Archive for the ‘Musings’ category
February 20, 2015
Today is sunny but freezing. Enough said!
Yesterday was a medal worthy day, a gold achievement medal on a tricolored ribbon. I did all four errands including the dump which was as deserted as I’ve ever seen it. Two workers were there and two cars counting mine. Both guys emptied my trunk for me, one at the paper recycle bin and the other at trash. At our next stop, Gracie, in her lovely Pendleton coat, came with me into Agway. Few people were there. Next we hit the grocery store for cream and coffee, my life’s blood, then I drove to Dennisport and Buckies for my favorite sandwich and a whoopie pie. Alas and alack there were no whoopies, but I did buy a day old cupcake with a mountain of frosting. Luckily my disappointment was salved by that chocolate cupcake.
The mayor of Boston has tried to put the kibosh on the newest trend: diving from windows into the snow. The divers are even wearing bathing suits.
Okay, I don’t often get political here, but I think in this instance I’m safe. Jeb Bush’s speech moved from politics to stand-up. He blasted the President for his, “approach to Iraq…excuse me, Iran.” He went on to say ISIS has a military strength of 200,000 fighters when CIA estimates say they’ve got between 20,000 and 31,500. Reporters were later told by e-mail Mr. Bush misspoke. He should have practiced saying Boko Haram as his version came out as “bow-coo haram.”
In high school I used to be required to carry a green school bag, the one with water-repellent rubber inside. It was the same color as military bags are now. Guys would carry their bags behind their backs by the straps while girls seemed to carry theirs in front as if they were carrying books. I don’t think they sell those bags any more which is a good thing. I felt silly carrying mine and it was so heavy my body developed a permanent tilt.
I carry a messenger bag in the summer and a leather backpack in the winter. I have never been one to carry a purse or handbag. Neither one fits my personality. I do remember the old ladies of my youth all wearing pretty much the same sort of wardrobe: clunky heeled tie shoes, support hose, flowered dresses, hats and huge handbags hanging off their arms.
I do have a flowered dress-it is my summer dress. As for the rest, not yet, not ever I hope.
Categories: Musings
Tags: Agway, Buckies, cupcake, flowered dresses, freezing cold, green school bag, handbags, Jeb Bush, no snow diving, old ladies, the dump
Comments: 6 Comments
February 19, 2015
The sun has appeared. The ice and snow are actually melting. How lucky for us it will get cold again tonight and all that water will freeze. We are on a treadmill. Last night there were flurries. Tomorrow night will be the coldest night yet. If I go to a dictionary to look up winter, I’m going to see a picture of the pile of snow at the corner of my street, the icicles on my house and my car stuck trying to get up the hill. Winter has been redefined this year.
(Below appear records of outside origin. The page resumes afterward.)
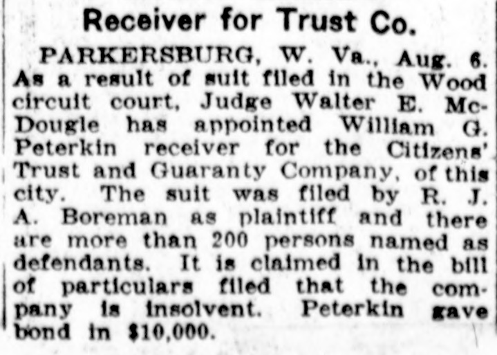 Receiver for Trust Co. PARKERSBURG, W. Va., Aug. 6. As a result of suit filed in the Wood circuit court, Judge Walter E. McDougle has appointed William G. Peterkin receiver for the Citizens' Trust and Guaranty Company, of this city. The suit was filed by R. J. A. Boreman as plaintiff and there are more than 200 persons named as defendants. It is claimed in the bill of particulars filed that the company is insolvent. Peterkin gave bond in $10,000.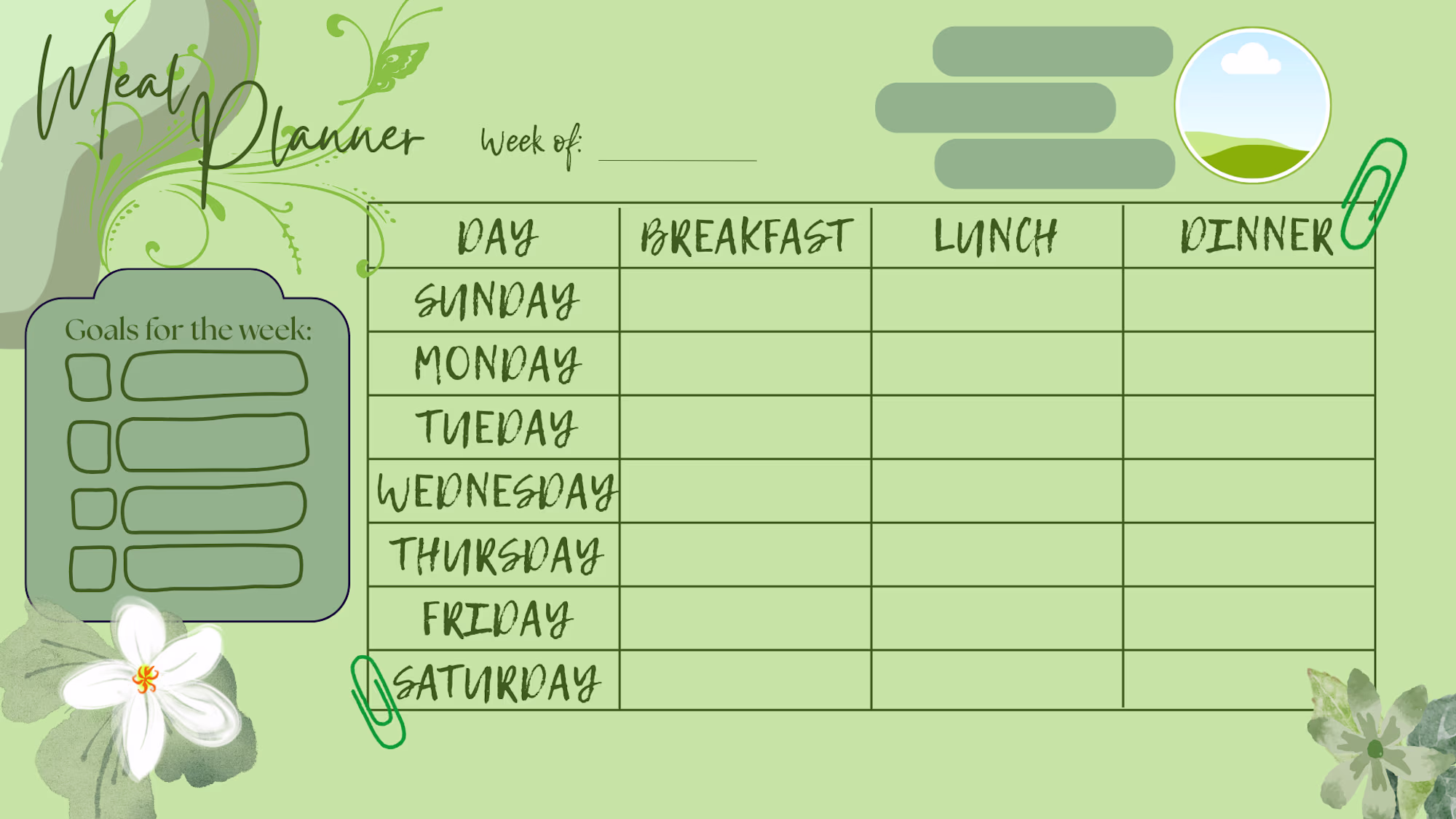 Green Customizable Meal Plan Organizer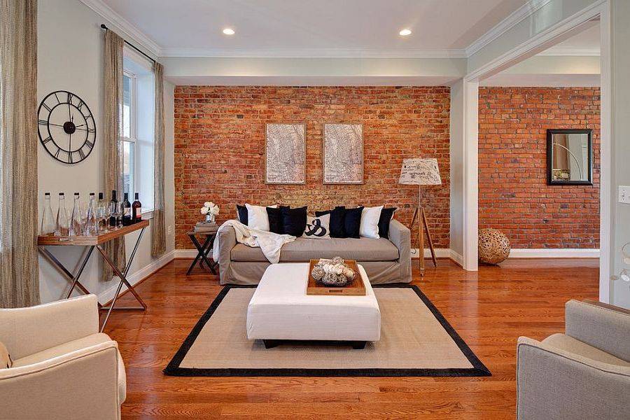 Гостиная с кирпичными стенами может стать гораздо более визуально привлекательной, а мебель в нейтральных тонах станет заметнее.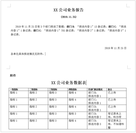 比如 X 年 X 月 X 日,有 N 个部门填报了数据,根据文档样例,文段描述部分需要整理成如下格式:

Gracie and I are going out later. I need cream for my coffee and cat food. I also need food for my soul. I’m thinking of my favorite sandwich and a whoopie pie. We are going to the dump first as we never made it last week with all the snow. Gracie will be glad. Me, not so much.
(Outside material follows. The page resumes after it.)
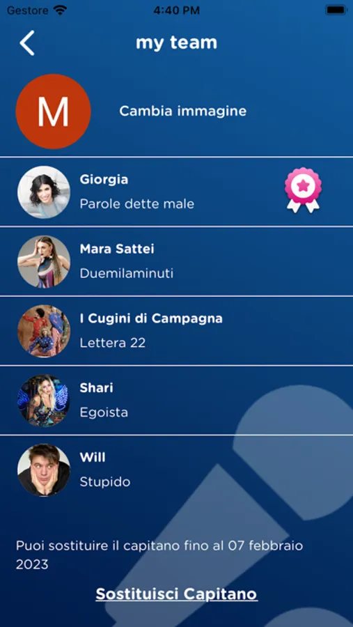 Per poter giocare è necessario comporre una squadra di 5 artisti. Hai a disposizione 100 FantaMonete con le quali puoi acquistare i tuoi idoli e nominare un capitano.

I seem to be talking to myself a whole lot more since my involuntary hibernation, but I am not yet hearing responses. I figure if I do, I’m probably too far along the crazy spectrum to find it peculiar. I might even enjoy it.
My inside winter uniform never changes style. I wear socks, slippers (alternating between my two pairs), a t-shirt with a sweatshirt over it and kick around the house pants, mostly flannel. I am not dressed for company, but I don’t worry as I don’t expect any. I am wearing my Red Sox sweatshirt, the most hopeful sweatshirt I own. It speaks of spring and summer, a reminder that someday Fenway will be clear of snow, hawkers will be selling Fenway franks, and we’ll be hearing the crack of the bat hitting the ball and maybe, just maybe, watching the ball sail over the Green Monster.
“Hope is the thing with feathers-That perches in the soul..” I always think Emily Dickinson is right and her description perfect.
Categories: Musings
Tags: Baseball, Chocolate, dump, errands, Fenway Park, flurries, food for my soul, freezing nights, going crazy, involuntary hibernation, melting icicles, Red Sox sweatshirt, Whoopie pie, winter uniform
Comments: 12 Comments
February 17, 2015
Enough, enough I screamed when I woke up. I could see the snow falling. I am at the I can’t take it anymore stage. The weather man said 1-3 inches then he added not a big deal. Sadly he’s right. This is a mere dusting compared to the feet of snow we have on the ground. At 24˚ the day feels warm, not shorts and flip flops warm, but far warmer than it has been. I have to go out today. I’ll bring my trusty broom and sweep my way clear to the car.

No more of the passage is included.